> _Work request_: Excluding any images, copy all of the lines below precisely as written.

> _Data excerpt_:

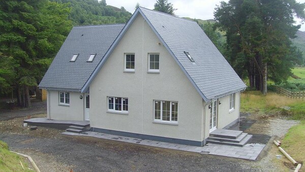 In 2009 we were contracted to do the building and joinery work on this house in Invergarry, which included making the timber frame on-site. This five bedroom, story and a half property is finished with hardwood floors throughout, oak staircase and finishings.
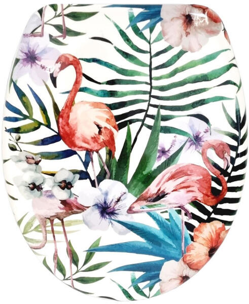 WC TETŐ DUROPLAST MŰANYAG FLAMINGÓS WC tető műanyag duroplast flamingós jellemzői: Wc tető ülőke flamingós mintával. Nagyon jó minőségű termék. Könnyen tisztítható, ellenáll vegyszereknek és a felülete antibakteriális. Erős fémzsanérok biztosítják a nehezebb súly terhelést. Könnyű fel és le szerelni a fajanszról a kampó zsanér véget, ezáltal könnyebb a szani
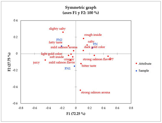 Regarding the fried salmon nugget, in Figure 4, it can be seen that consumers characterized the control sample (FN) by a dark golden color, salty flavor, and rough inside; the nugget with 0.75% BF/PH (FN1) for a mild salmon flavor, crispy texture, juiciness, soft inside, and light gold color; and those with 1.25% BF/PH (FN2) were evaluated with a mild salmon aroma, fatty and slightly salty flavor, and light gold color. However, according to the Q analysis (Table 6), it was observed that only in the juicy and dry attributes were significant differences found between FN, FN1, and FN2. The juicy attribute was more representative of the FN2 sample, while the dry attribute was representative of the FN sample. The remaining attributes did not show significant differences between the samples. Furthermore, Table 6 shows that the attributes most considered in all samples to describe the fried nugget were crispy texture, light golden color, weak salmon aroma, and soft interior.

> _Exercise output_:
 In 2009 we were contracted to do the building and joinery work on this house in Invergarry, which included making the timber frame on-site. This five bedroom, story and a half property is finished with hardwood floors throughout, oak staircase and finishings.
 WC TETŐ DUROPLAST MŰANYAG FLAMINGÓS WC tető műanyag duroplast flamingós jellemzői: Wc tető ülőke flamingós mintával. Nagyon jó minőségű termék. Könnyen tisztítható, ellenáll vegyszereknek és a felülete antibakteriális. Erős fémzsanérok biztosítják a nehezebb súly terhelést. Könnyű fel és le szerelni a fajanszról a kampó zsanér véget, ezáltal könnyebb a szani
 Regarding the fried salmon nugget, in Figure 4, it can be seen that consumers characterized the control sample (FN) by a dark golden color, salty flavor, and rough inside; the nugget with 0.75% BF/PH (FN1) for a mild salmon flavor, crispy texture, juiciness, soft inside, and light gold color; and those with 1.25% BF/PH (FN2) were evaluated with a mild salmon aroma, fatty and slightly salty flavor, and light gold color. However, according to the Q analysis (Table 6), it was observed that only in the juicy and dry attributes were significant differences found between FN, FN1, and FN2. The juicy attribute was more representative of the FN2 sample, while the dry attribute was representative of the FN sample. The remaining attributes did not show significant differences between the samples. Furthermore, Table 6 shows that the attributes most considered in all samples to describe the fried nugget were crispy texture, light golden color, weak salmon aroma, and soft interior.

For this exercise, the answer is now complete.